INFORMAZIONI DALLA SEGRETERIA - TESSERAMENTO QUOTE SOCIALI 2019
AGEVOLAZIONI E BENEFICI PER I SOCI
Le quote sociali per il 2018 sono le seguenti: Socio Ordinario Socio Ordinario* (nati dal 1994 al 2001)
Socio Familiare** Socio Giovane***
(nati nel 2002 e anni seguenti)
Socio Vitalizio Tessera per i nuovi Soci Duplicato Tessera
€46,00 €24,00 €24,00 €16,00 €20,00 € 5,00 € 2,00
*Al Socio ordinario di età compresa tra i 18 e i 25 anni viene applicata automaticamente la quota dei soci familiari. Tale Socio godrà di tutti i diritti del socio ordinario. ** Possono essere soci familiari solo i residenti al medesimo indirizzo del socio ordinario di riferimento. ***Socio giovane: a partire dal secondo figlio giovane in poi, il socio giovane verserà la quota di € 9,00. Si precisa che per poter usufruire dell’agevolazione prevista, il socio giovane dovrà avere un socio ordinario di riferimento (capo nucleo) in regola con il tesseramento dell’anno in corso ed appartenere ad un nucleo familiare con due o più figli giovani iscritti alla Sezione.

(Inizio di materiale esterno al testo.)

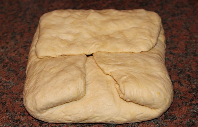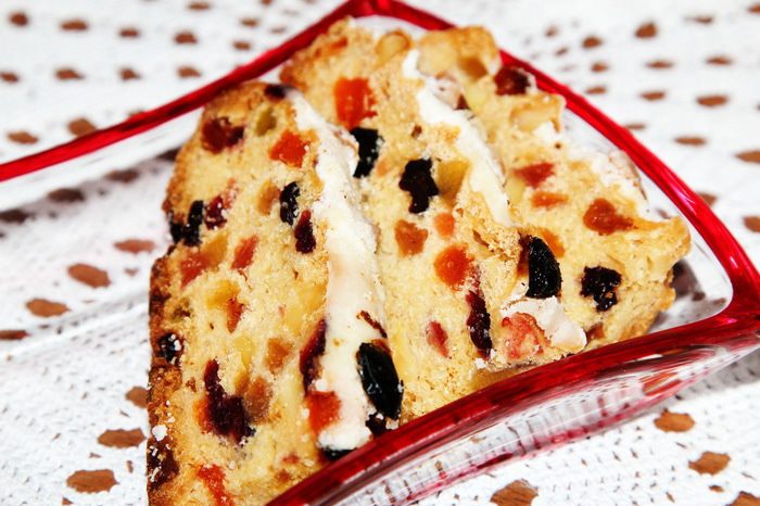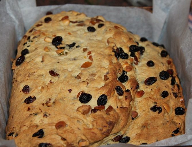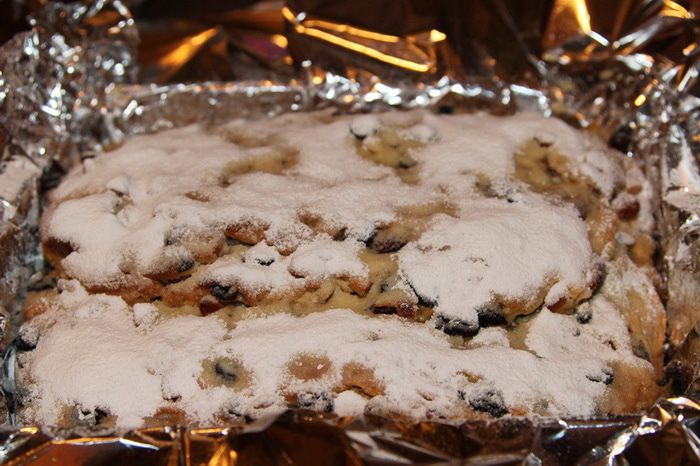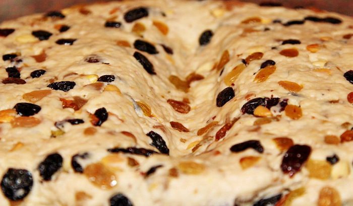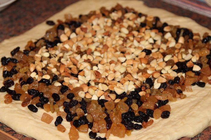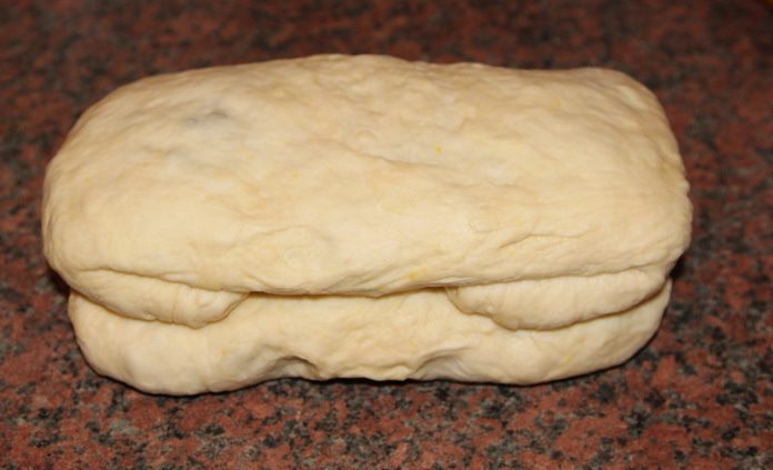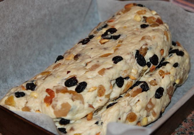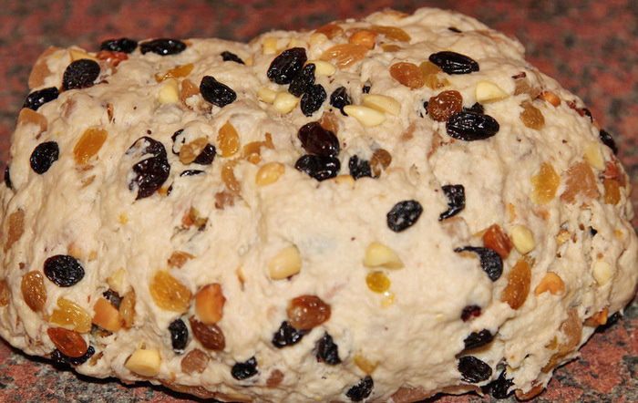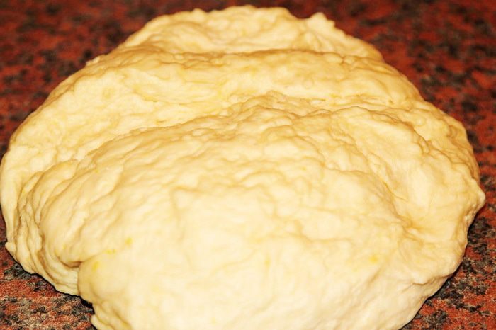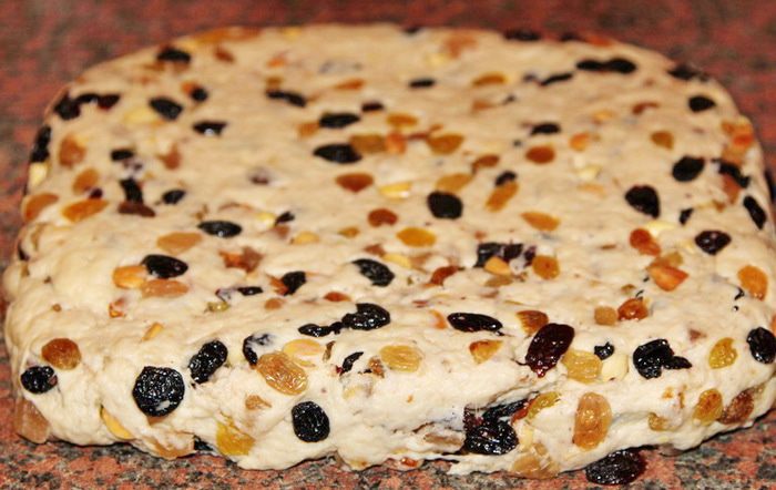 Утром, с хорошим настроением, начинаем заниматься штолленом. Дрожжи развести в теплом молоке, вмешать сахар и просеять 2 стакана муки. Поставить в теплое место. Потребуется от 20 до 30 минут, в зависимости от окружающей температуры. Когда опара запузырится и подойдет, просеять еще 3 стакана муки, добавить 200 г размягченного масла, соль, ванилин, цедру лимона и замесить тесто. Вот теперь нам может понадобиться оставшиеся пол-стакана муки, но не все. В это году мне понадобилось добавить муки, еще половину от половины стакана. Тесто должно быть мягким, податливым, приятным и не липнуть к рукам. Но чтобы не забить тесто лишней мукой, оставшуюся муку добавляйте понемногу. Скатываем тесто в шар, помещаем в емкость, накрываем полотенцем и оставляем подходить на 1 час. После этого обминаем тесто и еще даем подойти минут 40-50.

Agli associati è garantita la copertura assicurativa per infortuni che si verifichino nell’ambito di iniziative organizzate dal Sodalizio, ivi compresi i corsi e le scuole, oltre alla copertura assicurativa del Soccorso Alpino per attività sia sociali che personali. - I soci possono essere assicurati per gli infortuni in attività personale richiedendo la copertura assicurativa presso la sezione di appartenenza. - Il socio ordinario riceverà al proprio domicilio la rivista mensile del Cai “Montagne 360” e la rivista quadrimestrale sezionale ”CAI Lecco 1874”. - Tutti gli associati, con la presentazione della tessera riportante il bollino relativo all’anno in corso potranno usufruire degli sconti previsti dalle convenzioni indicate nell’apposito riquadro. - Tutti gli associati potranno usufruire gratuitamente dei servizi offerti dalla sezione: accesso alla documentazione presente nella biblioteca sezionale, utilizzo di internet, lettura dei periodici e delle riviste presenti in sede. - Tutti gli associati otterranno sconti sull’acquisto di libri o pubblicazioni del CAI.
Ricordiamo che a partire dal 1 novembre aprirà il tesseramento 2020. Qualora l’iscrizione per l’anno 2019 non fosse ancora stata rinnovata, si prega di procedere con il rinnovo quanto prima passando in segreteria o con bonifico bancario (come da istruzioni riportate sul sito www.cai.lecco.it)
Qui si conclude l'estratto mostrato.